Domestic bank mergers and acquisitions (M&A) continue to attract attention by a number of recent deals in the context of foreign investment flowing into Vietnam.
M&A in which banks?
BIDV’s share price has increased by nearly 6% since the beginning of August 2019 after the deal of selling 15% of its equity to the foreign strategic investor KEB Hana Bank (Korea) was approved on July 22, 2019. From the end of May 2019, BIDV’s share price has increased by 20%.
Vietcombank, in early 2019, also successfully sold over 16,6 million to its strategic shareholder Mizuho and more than 94,4 million, equivalent to 2,55% of Vietcombank’s share, to GIC Private Limited (Government of Singapore Investment Corporation). Given the approved private share placement and the fact that merely 2,5% was sold to GIC, Vietcombank plans to issue 6,5% of share equity in the following months of 2019 to foreign investors.
The Military Bank (MBBank) would also sell 7,5% of its capital to foreign investors in 2019, issuing 123 million-worth new shares and sell 38,9 million treasury shares. MBBank is scheduled to offer shares to single or multiple foreign investors who do not necessarily be its strategic shareholders.
Banks which are vulnerable in their restructuring period also have the opportunity to make use of the current M&A wave. Ocean Bank is entering its final stage in its M&A deal with an Asian bank. Meanwhile, the J Trust Corporation of Japan says that it has spent time exploring and would like to engage in the restructuring process of Vietnamese weak credit organizations. The cooperation notes that it would like to buy the Construction Bank (CBBank).
Benefits and Practicability
In the context of the inflow of both direct and indirect foreign investment, M&A deals in general and banking in particular are gaining advantages. Statistics show that during the first 7 months of 2019, there were 4.387 deals of capital contribution and shareholding purchase by foreign investors. The total capital contribution value was 8,52 billion USD, increasing by 77,8% compared to the same period in 2018. More notable, in the last two years, Japanese and Korean investors tend to invest in finance – banking enterprises in Vietnam.
From the recipients’ stand, to the group of weak banks, the M&A trend would facilitate the recovery process of each bank in particular and the restructuring process of the bank system in general. Although various restructuring solutions have been offered and implemented, obviously, the most important factor is the adequate investment to revive these banks.
Three aforementioned deals (BIDV, Vietcombank, and MBBank) are only expected to gain 2 billion USD in the final months of 2019.

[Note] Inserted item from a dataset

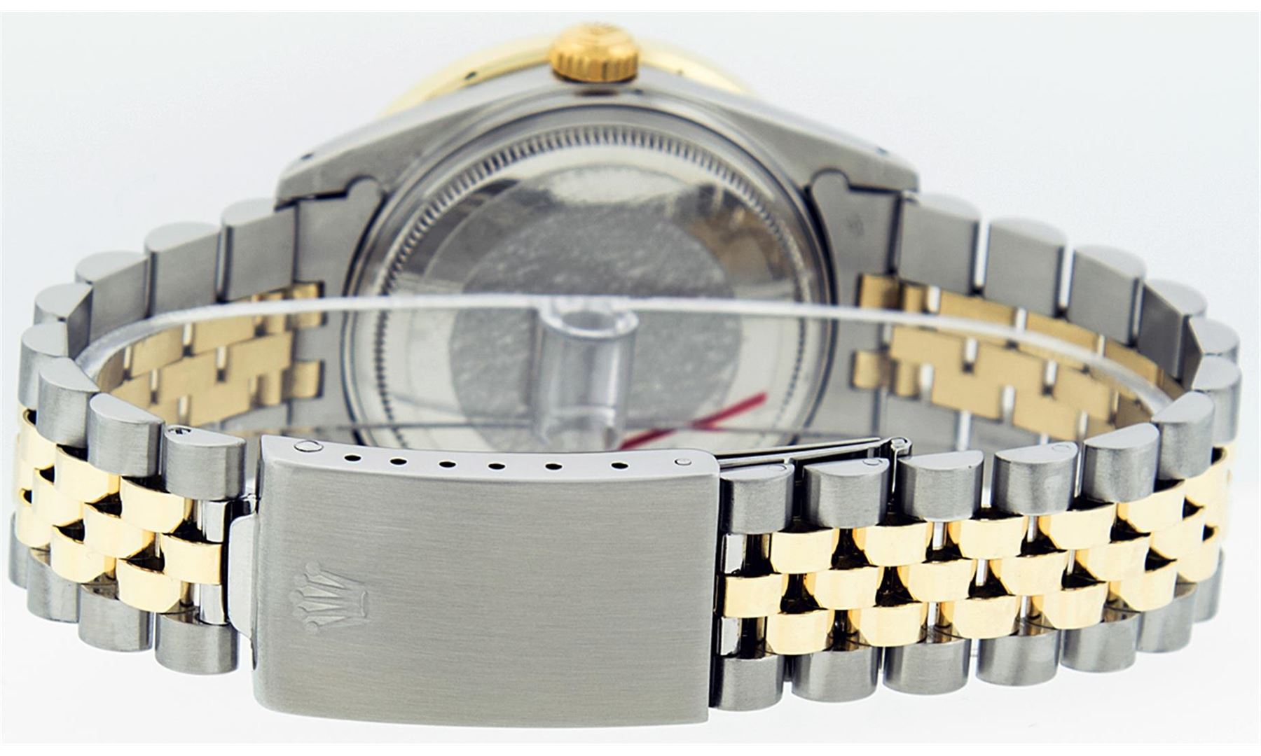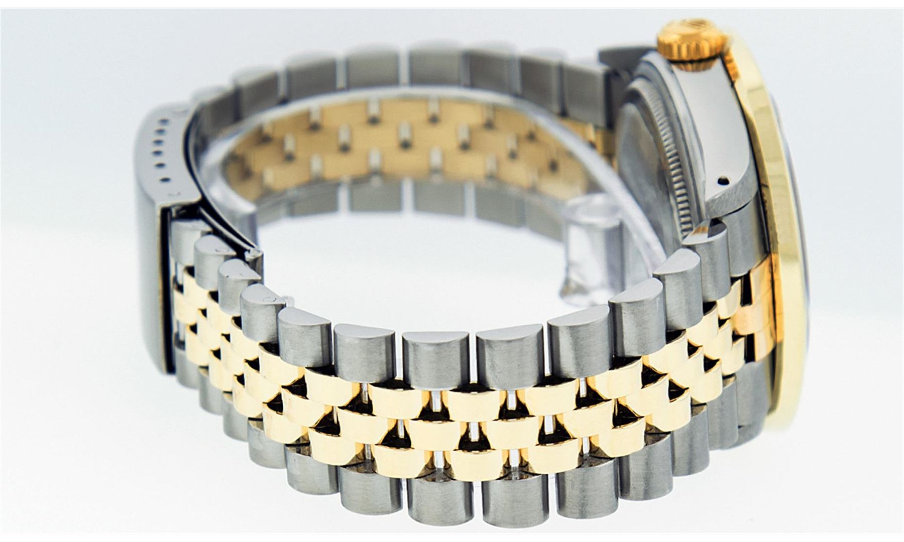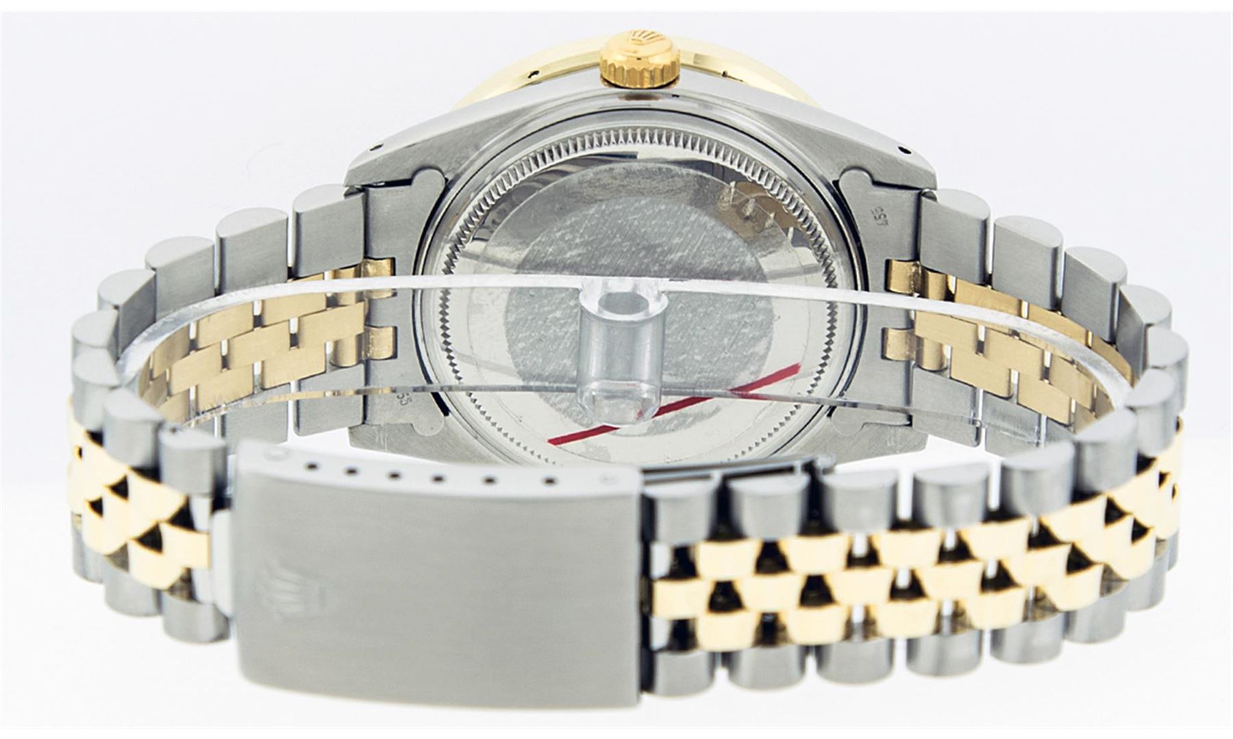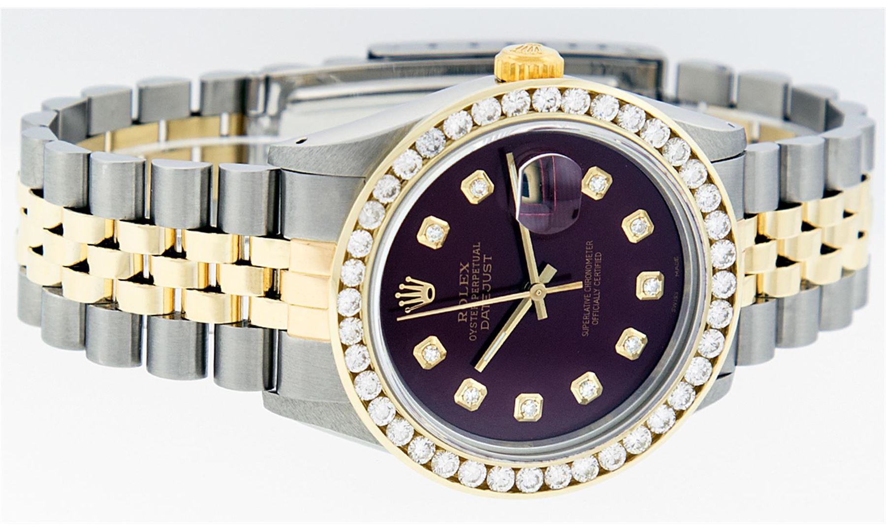 One Mens Rolex Datejust Polished Bright with Satin Finish, Serviced & Electronically Tested, 14K Yellow Gold and Stainless Steel Case:36mm, Stainless Steel Crown, Custom Bezel: 18K Yellow Gold Channel Set Diamond Bezel, Diamond Count: 40 Diamonds, Total Weight 3.00 Carat, Clarity: SI-VS, Color: G to H. Custom Crystal: Synthetic Sapphire Cyclops Lens. Movement: Automatic Winding Movement Caliber 3035. Custom Dial: Maroon Diamond Single Cut VVS, Diamond Count: 10 Diamond in Dial, Dial Color: G To H In Color, Clarity: VVS. Date Window: 3 O'Clock Position Date Display, Quickset, Model: 16013 Condition: G-6 Extra Fine. Bracelet: 14K Yellow Gold and Stainless Steel Jubilee. Bright Polish & Satin Finish. 7.0 Inch Length, Adjustable. Standard Clasp, With Rolex Logo.
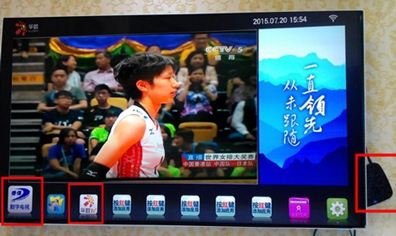 首先,接通電源開機,界面別具一格。設置網絡完畢后直接進入到主界面,有線電視和網絡電視應用圖標一目了然,顯要位置主要是有線電視預覽畫面。界面左上角及下方快捷應用中有華數TV的標志。廣電有線電視和互聯網電視牌照方正版視頻內容的雙授權,增加了泰信盒子制勝網絡盒子的砝碼。

To the state’s commercial banks, especially the joint-stock commercial banks which are facing difficulties concerning capital, selling capital share to foreign investors not only increases its capital to ensure business development demand but also boosts their competence with the equipment of foreign technology, management, and strategies.
Furthermore, in the context of decreasing foreign currency funds, receiving investment from foreign organizations would help banks in improving foreign currency funds, facilitating the business development activities such as foreign currency loans, foreign exchange business. The aforementioned M&A would also contribute a considerable foreign currency capital to the economy, stabilizing domestic exchange rates given the current global fragile foreign exchange situation.
To the economy, M&A
is expected to improve the efficiency of the banking-finance sector, limit cross-ownership, diversify shareholders, make use of financial resources, experience, and manage foreign financial organizations.
The trend of strong inflow of foreign investment shows the stable and long-term development potential of Vietnam, which is of critical importance given the context of rising global economic instability when facing the risk of trade wars and economic recession.